Dans un contexte mondial où la cohabitation entre différentes religions est minée par des conflits récurrents, le Cameroun fait cas d’école en matière de dialogue inter religieux et culturel. Chrétiens, musulmans, animistes y vivent pacifiquement depuis des décennies. Cette coexistence résiste au radicalisme et aux défis sécuritaires tels le terrorisme que vit le pays et qui est souvent mis maladroitement sous l’étiquette de l’«islam».

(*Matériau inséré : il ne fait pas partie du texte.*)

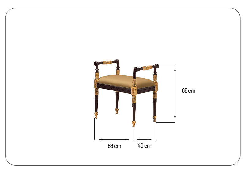 Ławeczka 171/K to wyjątkowy mebel włoskiej produkcji, który łączy klasyczną formę z nowoczesnym komfortem. Jej konstrukcja z litego drewna bukowego zapewnia trwałość i solidność, a tapicerka wykonana metodą nowoczesną – z gąbki poliuretanowej, pasów tapicerskich, płótna (surówki) oraz dekoracyjnej tkaniny – gwarantuje wygodę i estetykę.

Au Cameroun, l’acceptation de l’autre est une pratique quotidienne, tant la population est diverse : religions, croyances, langues… Si au début du XIXe siècle, des frottements ont eu lieu entre les fractions musulmanes, animistes et chrétiennes, alors que les deux religions étrangères cherchaient à se répandre, depuis des décennies, chrétiens, musulmans et animistes vivent ensemble paisiblement au Cameroun. D’ailleurs, le pays figure parmi les Etats exemplaires en matière de dialogue inter religieux. En tant que pays laïc, le Cameroun est l’un des rares Etats où les fêtes du Ramadan, de l’Aïd el Kebir ou «tabaski» sont des jours fériés autant que Noël, Pâque et l’Assomption. Au quotidien, les populations des différentes communautés religieuses se côtoient et partagent les mêmes lieux : marchés, administration, écoles, lieux de travail…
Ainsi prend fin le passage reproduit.